Some friends of mine just lost half their laying flock to a neighborhood stray and her hives to a bear. They thought their llamas would discourage a bear. I think I might suggest this to them.


----------



## mekasmom (Jan 19, 2010)

I saw our male catch a stray cat once. He just tore it up really fast even with me screaming, "drop it". It was scary in a way because he went from happy, smiling, silly Bubby to this killing machine in a split second.
And they never hurt what lives here. It is just stray animals that they can turn on that fast. It's like a Jeckyl/Hyde thing that happens in a split second. GPs are great with humans, even strangers, and they never meet a kid they don't like. But they don't like stray animals.


----------



## BarbadosSheep (Jun 27, 2011)

mekasmom said:


> I saw our male catch a stray cat once. He just tore it up really fast even with me screaming, "drop it". It was scary in a way because he went from happy, smiling, silly Bubby to this killing machine in a split second.
> And they never hurt what lives here. It is just stray animals that they can turn on that fast. It's like a Jeckyl/Hyde thing that happens in a split second. GPs are great with humans, even strangers, and they never meet a kid they don't like. But they don't like stray animals.
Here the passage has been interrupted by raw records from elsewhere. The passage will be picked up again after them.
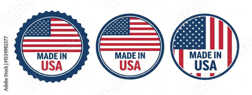 Made in USA Stamp Set American Product Label, Logo, Emblem, and Seal Vector badge
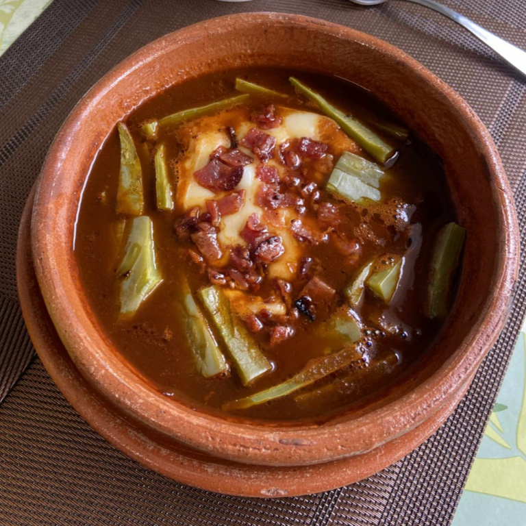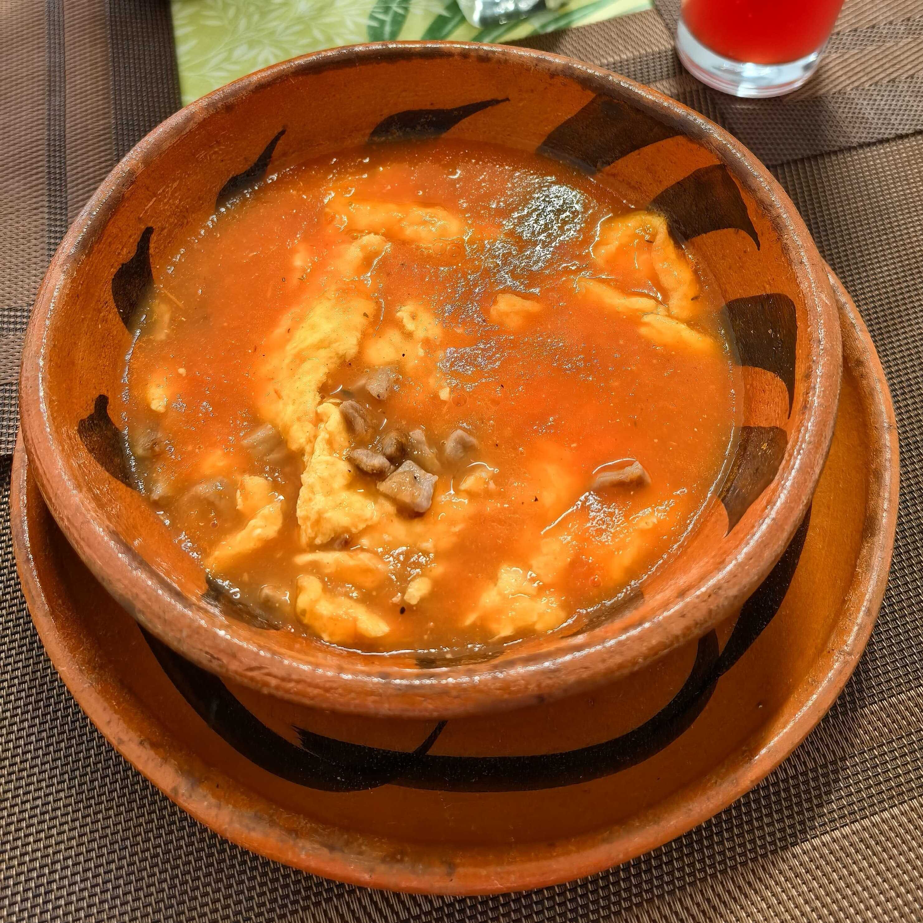 Huevos revueltos, gratinados con queso manchego, tocino y nopales en salsa pasilla
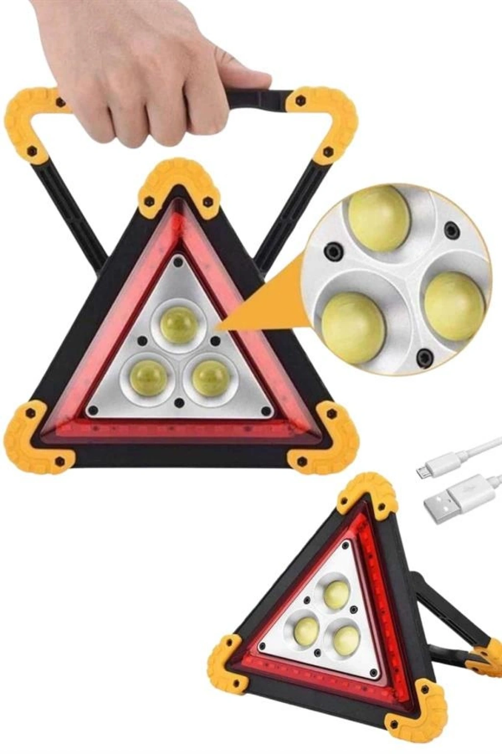 Güneş Enerjili Çok Amaçlı Işıklı İkaz Lambası – Her Ortamda Güvenli AydınlatmaŞarjlı ve güneş enerjili bu çok amaçlı ikaz lambası, doğa sporlarından tamirata, denizden karavancılığa kadar her alanda ihtiyaç duyduğunuz aydınlatmayı güvenli ve pratik bir şekilde sağlar. Arka tarafında yer alan güneş paneli, gün ışığını enerjiye çevirerek cihazın şarj edilmesini mümkün kılar. Böylece elektrik bulunmayan ortamlarda bile kesintisiz ışık sağlamaya devam eder.USB kablo ile şarj edilebilme özelliği, kullanıcıya ekstra esneklik sunar. Ürünle birlikte gelen kablo sayesinde isterseniz elektrikle, isterseniz güneşle kolayca enerji sağlayabilirsiniz. Kompakt tasarımıyla çantada, araçta ya da el altında rahatça taşınabilir. Açıldığında 5 cm genişlik, 24 cm boy ve 27 cm yükseklik ölçülerine ulaşır.500 lumen COB ışık gücü ile güçlü bir aydınlatma sağlayan lamba, farklı ışık modlarıyla birçok farklı kullanım senaryosuna cevap verir.İlk dokunuş: Güçlü beyaz COB ışıkİkinci dokunuş: Zayıf COB ışıkÜçüncü dokunuş: Sabit kırmızı uyarı ışığıDördüncü dokunuş: Yanıp sönen kırmızı uyarı ışığıBeşinci dokunuş: Kısa dalgalı kırmızı uyarıAltıncı dokunuş: KapatmaKullanım Alanları:Dağcılık, balıkçılık, kampçılık, madencilik gibi doğa ve iş aktiviteleri için uygundur. Ayrıca bisiklet, motosiklet, tekne, karavan ve araba gibi araçlarda ikaz lambası olarak da kullanılabilir. Çadırda gece görüşü sağlamak, acil durum sinyali vermek ya da tamir anlarında net aydınlatma sağlamak için idealdir.Dayanıklı yapısı, çok yönlü ışık seçenekleri ve enerji tasarrufu sağlayan güneş paneli ile bu çok amaçlı reflektör, hem güvenliğinizi artırır hem de enerji verimliliği sağlar. Açık hava tutkunlarının ve profesyonellerin çantasında mutlaka bulunması gereken bir üründür.

It's kind of disturbing, isn't it? Years ago, I was outside and a suddelny a fox was there, in broad daylight. My pit bull pounced on it and it was dead in a second. But she went to sweet to deadly in a split second. It was disturbing, but also kind of comforting in a way to now I had such a good dog on duty.


----------



## mawalla (Oct 28, 2002)

I watched my 150lb Pyr grab a large black and tan dog that had strayed over here my the neck, lift it off the ground and shake it like a rag doll. I know that black and tan had to weigh 80lbs. That was the first time I'd seen him go after something bigger than a ****. His power amazed me, and the black and tan dog. (Stupid black and tan turned around and growled at my pyr when my pyr was running at it. Had he just tucked his tail and ran away he might have fared better.)


----------



## YuccaFlatsRanch (May 3, 2004)

They not only are very powerful and very purposeful, but the Anatolians are also built for speed and it's amazing to see one running flat out. If you look at an Anatolian you will notice that their hind legs are tucked up like a greyhound. This is what gives them their speed and their massive chest is used to ram into their adversary, knocking them down. IF the prey goes for their throat all they get in an anatolian is a big mouthful of skin and fur that is loose enough for the dog to almost turn inside his own skin and bring the big jaws to bear. Once the jaws close it is over. My big male plays with my Border Collie and can get his whole head inside his mouth. It's curtains for the BC if he were mad and bit down.


----------



## JasoninMN (Feb 24, 2006)

How things are thought to work and how they really work are two different things. Most LGD's actually have a pretty weak bites and are dominance fighters. They have size to their advantage which will intimidate most pets and strays who would probably rather flee then fight. When you get the one who wants to fight back its best to have at least a couple LGD's. I have seen too many lose to dogs 2-3 times smaller then themselves.


----------



## Goat Servant (Oct 26, 2007)

JPiantedosi said:


> well, I walked out to the barn this morning after hearing a god awful scuffle.... as I rounded the corner to the barn, my 2 LGDs passed me like a shot from a gun, and beat me to the barn. When I walked in, a wandering dog had found its way into the barn and had cornered our blind mare and was giving her heck, and the other 9horses in the barn were going NUTS! Apparently the dog didn't see the LGDs until one snatched him up by the neck and the other by a rear leg and they started to stretch him a bit. he wiggled free and made it about 30ft before they caught him again, this time they ment business and it was over pretty quick.....
> 
> All the while our 2 farmyard dogs (lab crosses) just barked at the intruder from the door way... Those two goffy LGDs paid for themselves this morning!
> 
> Jim


Good dogs!! They are SO amazing!


----------